Но течение было сильное, и я не мог побороть его.
— Закрой глаза! Я выйду здесь.
Гита закрыла глаза, и я, лязгая от холода зубами, выбрался на берег.
— Можно смотреть? — спросила она.
— Нет, пока нельзя.
Но она уже открыла глаза.
— Ты весь дрожишь. Простудишься!
Она набросила мне на плешь свое пальто. Я побежал в кусты одеваться. Бег согрел меня, и я чувствовал себя хорошо, как никогда. Вернувшись, застал Гиту в глубокой задумчивости с букетиком цветов в руке.
— О чем ты думаешь?
— О тебе. Ты сошел с ума. Здесь такое сильное течение, а тебе все нипочем. Могло в омут затянуть. Разве мало в Гауе тонут?
— Не бойся, я хорошо плаваю и тонуть не собираюсь.
— С тобой невозможно говорить серьезно,— сказала Гита.— Пойдем отсюда, мне здесь не по себе.
Снова взявшись за руки, мы отправились дальше. По всей долине вдоль реки были разбросаны крестьян ские усадьбы.
— Где мы заночуем? — спросила Гита.
— В Чертовой норе,— ответил я.
— Нет, милый. Мне страшно. Лучше в стогу сена.
— В таком случае нам придется приехать сюда через месяц-другой. Сено еще не скошено.
Гита рассмеялась.
— Неужели? Почему же тогда в рижских парках уже косят траву?
— Это совсем другое дело. Люди, не знающие деревни, только наполовину люди. Сенокос начинается в конце июня, а сейчас май.

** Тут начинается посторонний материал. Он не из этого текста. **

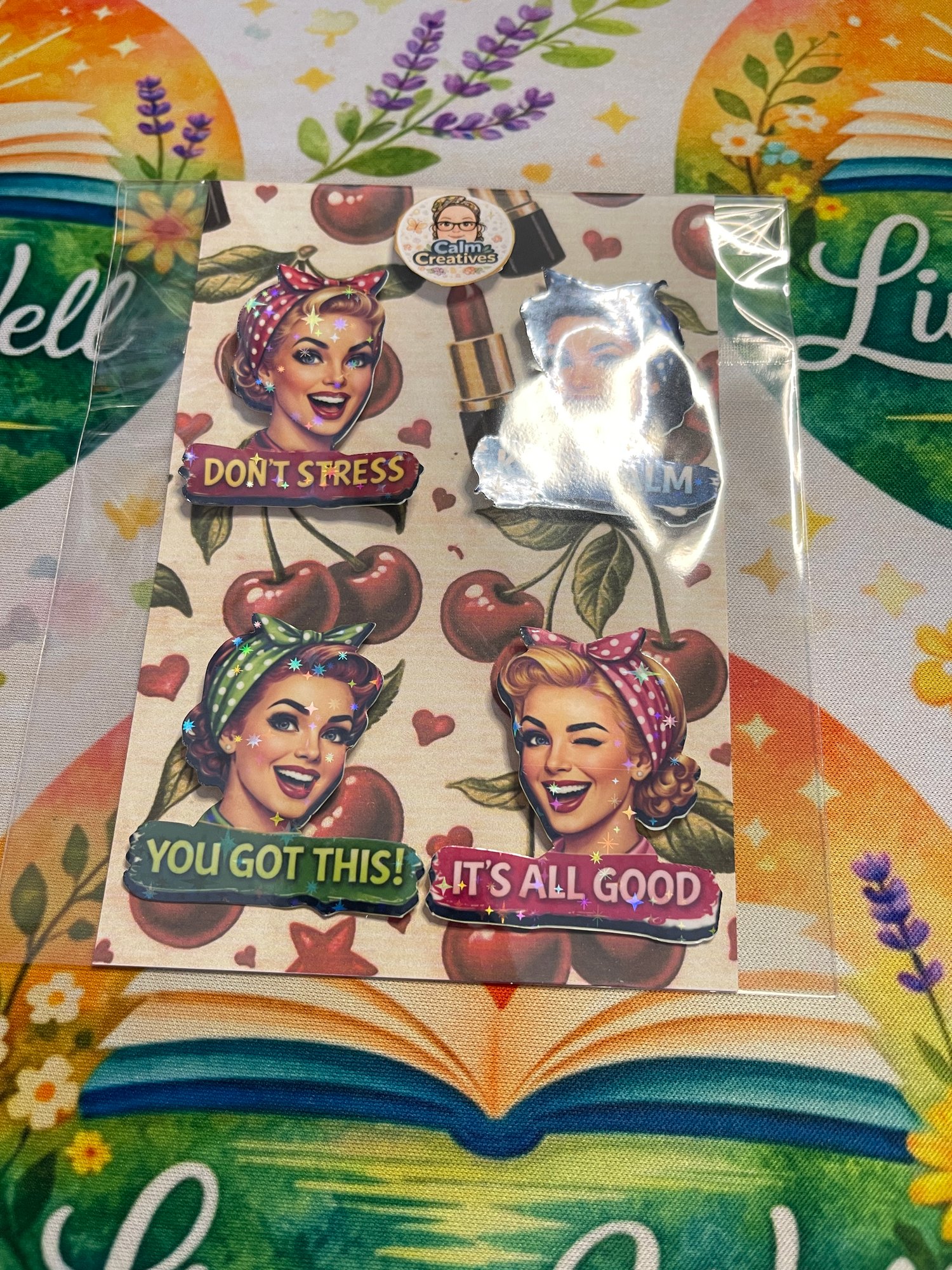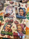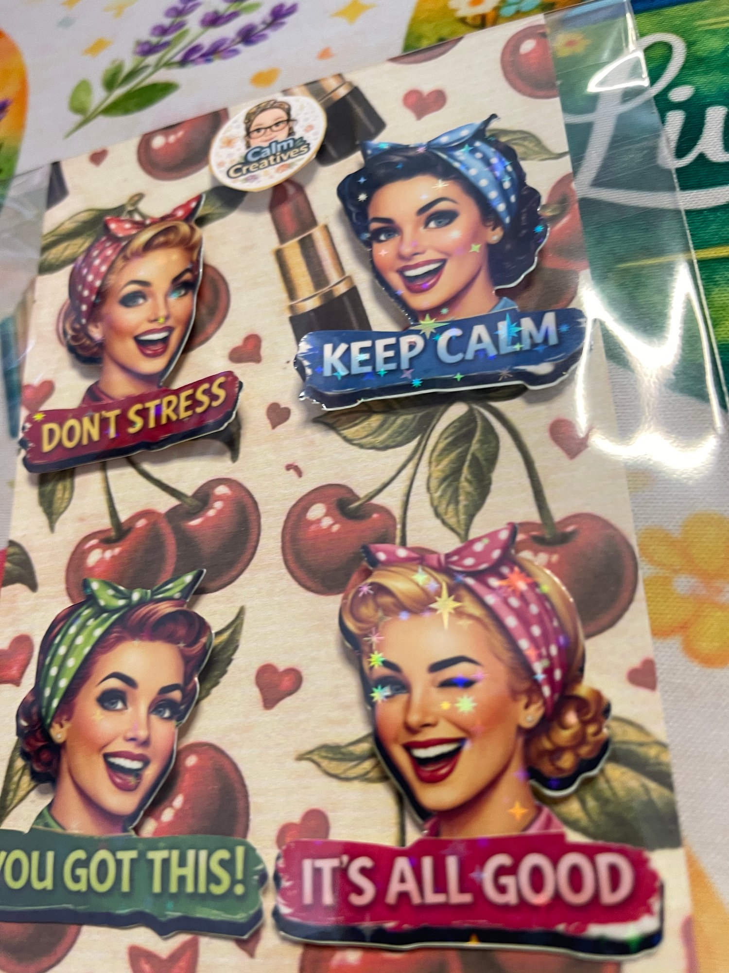Calm Creatives Sweary Vintage ladies 2” holographic vinyl stickers packing 4

— Как же нам быть? — воскликнула Гита.— Где мы заночуем?
— Заберемся в чей-нибудь сарай.
— Никогда не спала в сарае,— сказала Гита.— Ладно, переспим в сарае.
— Решено! — произнес я уверенно, словно имел уже что-то на примете.— Заночуем в сарае.
— А мыши водятся в сараях? Я ужасно боюсь мышей...
Дорогу нам пересек ручей. Ранней весной, когда на кручах Гауи таяли снега, все его русло заполнялось водой, а теперь по дну петлял обмелевший, но беспокойный поток. Я взял Гиту на руки.
— Если перенесу тебя, что мне за это будет?
— Дай подумать. Нет, лучше скажу вечером.
Я перенес ее на другой берег и положил в густую траву.
Как чудесно пахнут твои волосы! Ты все-таки применяешь продукцию отца, не иначе.
Гита звонко рассмеялась.
— Сумасшедший! Его продукция — сплошная подделка!
— Подделка? — разыграл я удивление, чтобы подразнить Гиту.— Зачем же ее подделывать?
— Я же сказала тебе. Чтобы больше заработать.
— Но ведь это обман,— продолжал я притворно возмущаться.
Гита не хотела понимать шуток и потому набросилась на меня:
— А ты что, с луны свалился! У нас всюду обман. У нас все обманывают. Только каждый делает это по-своему, чтобы его не поймали. Ради денег они готовы продать и честь, и совесть, и все, все... Они обманывают даже родных. Я могу доказать...
— Докажи.
— Но я должна говорить о своей семье. И опять это отец.
— В чем же он грешен на сей раз?
— Он живет с одной из своих сотрудниц. Для нее он ничего не жалеет, а когда я...
— Может, это все неправда?..
— Это правда, Анатол. И стоит мне подумать об этом как я... И в тебе начинаю сомневаться.
— Во мне! Как ты можешь во мне сомневаться? Гита молчала.
— Ты должна мне ответить, почему ты во мне сомневаешься!
— Не будем об этом, Анатол. Может, мне это только кажется.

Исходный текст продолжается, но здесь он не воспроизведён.